The preview toolbar replaces the previous Visual edits experience. Instead of using a separate editing panel, choose a toolbar mode, point at what you want to change, and describe the update in plain language.
Select elements and Draw annotation are treated as standard chat usage and consume credits.Inline text edits are free up to a daily limit of 100 edits per user. After that, additional inline text edits use credits from your workspace.Adding comments is free. Sending a comment thread to Lovable is treated as standard chat usage and consumes credits.
Yes.
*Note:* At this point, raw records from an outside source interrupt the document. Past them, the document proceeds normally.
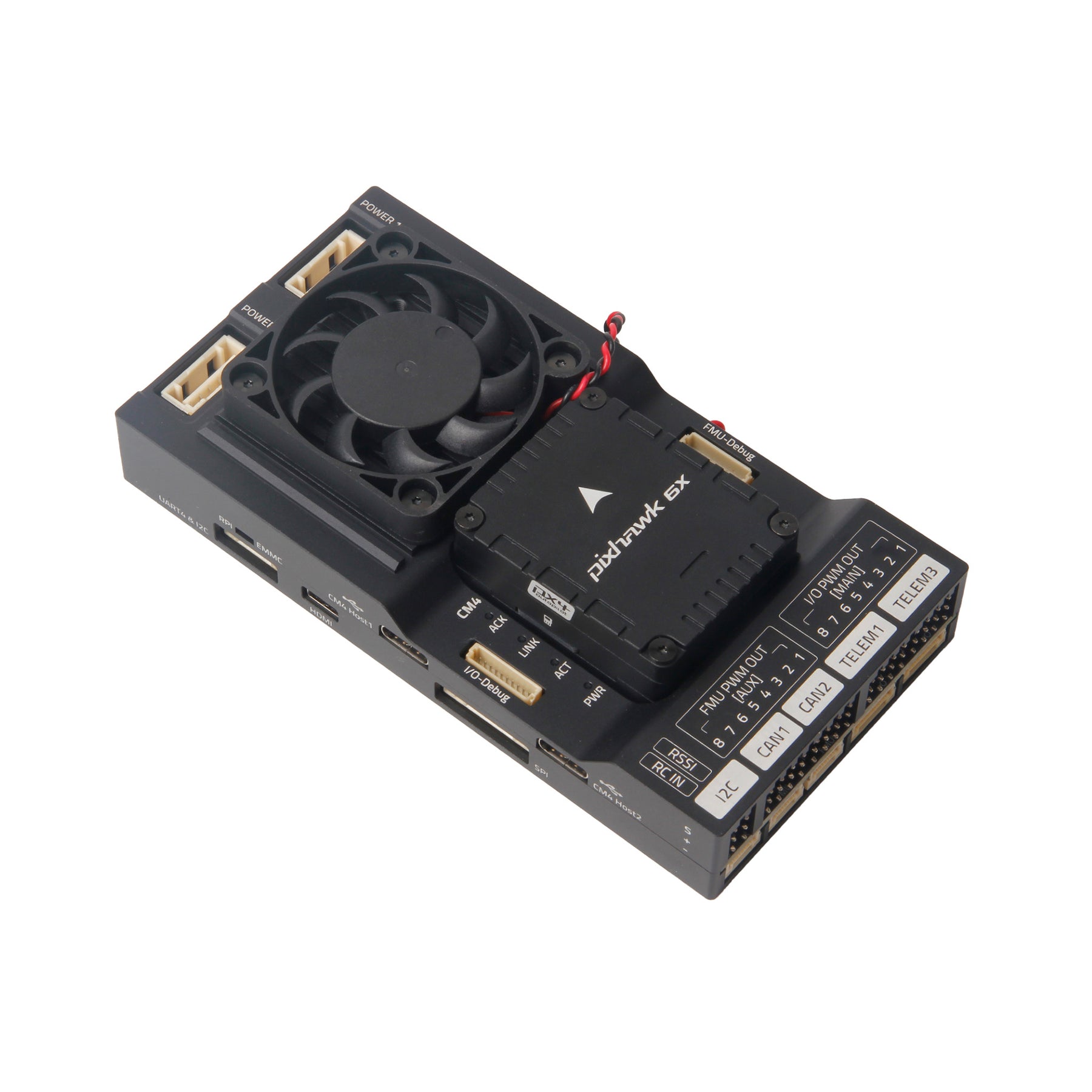 It follows the Pixhawk Connector and Bus Standard, allowing easy swapping of the FC Module with any FC that follows the Pixhawk Bus Standard. The FC Module is internally connected to RPi CM4 through TELEM2, and can also be connected via ethernet with an external cable provided. It is compatible with the Pixhawk 5X and 6X flight controller modules.
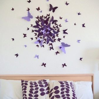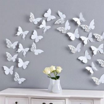 Бумажные бабочки – прекрасное дополнение в гостиную или в спальню. Именно в этих комнатах они создадут ощущение невесомости, легкости, которое требуется для подобных комнат.
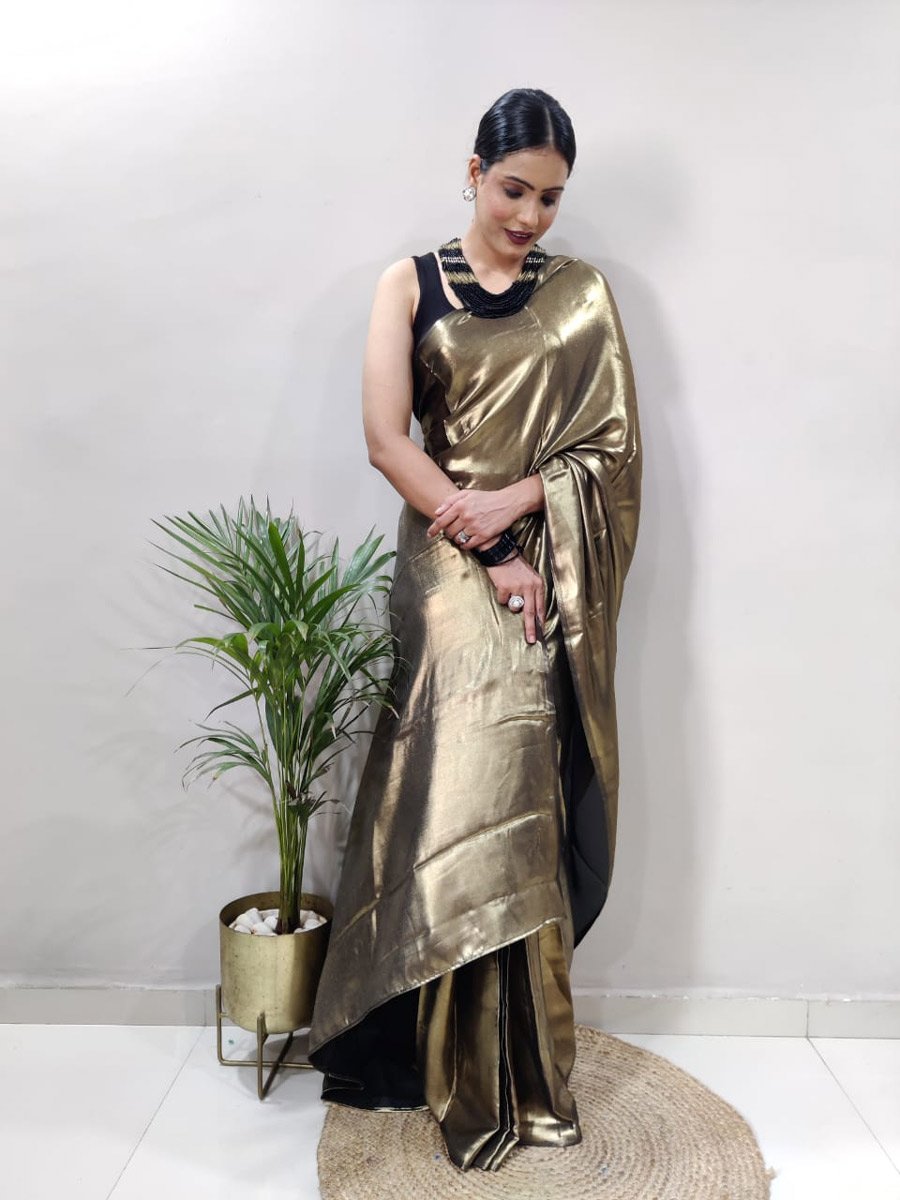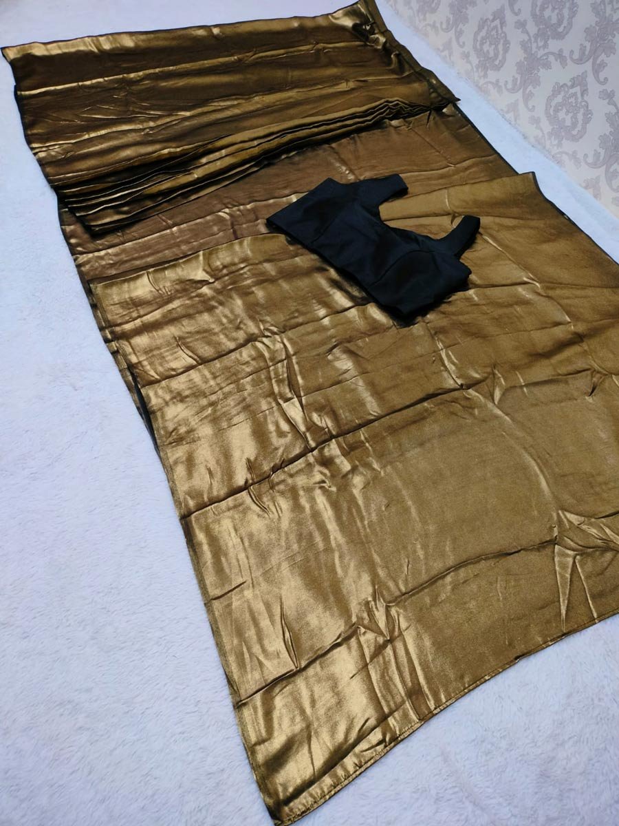 PARTY WEAR SATIN SILK PLAIN READY TO WEAR SAREE WITH UNSTITCHED BLOUSE BLACK

Hold Cmd (Mac) or Ctrl (Windows) and click additional elements to add them to your selection. Each selected element attaches to the main chat input as a reference, and your prompt applies to all of them.
To replace an image, use Select elements to select the image in the preview, then attach a new image or add an image URL in the chat input. Describe what you want Lovable to do, then send your message.To edit an existing image, select the image or use Draw annotation to mark the area you want to change, then describe the edit in chat.
Draw annotation mode recognizes simple shapes, including lines, arrows, rectangles, circles, and ovals, and cleans them up so Lovable sees a clear annotation. If you draw something the recognizer does not match, it stays as freehand.
Click Show toolbar from the project toolbar options.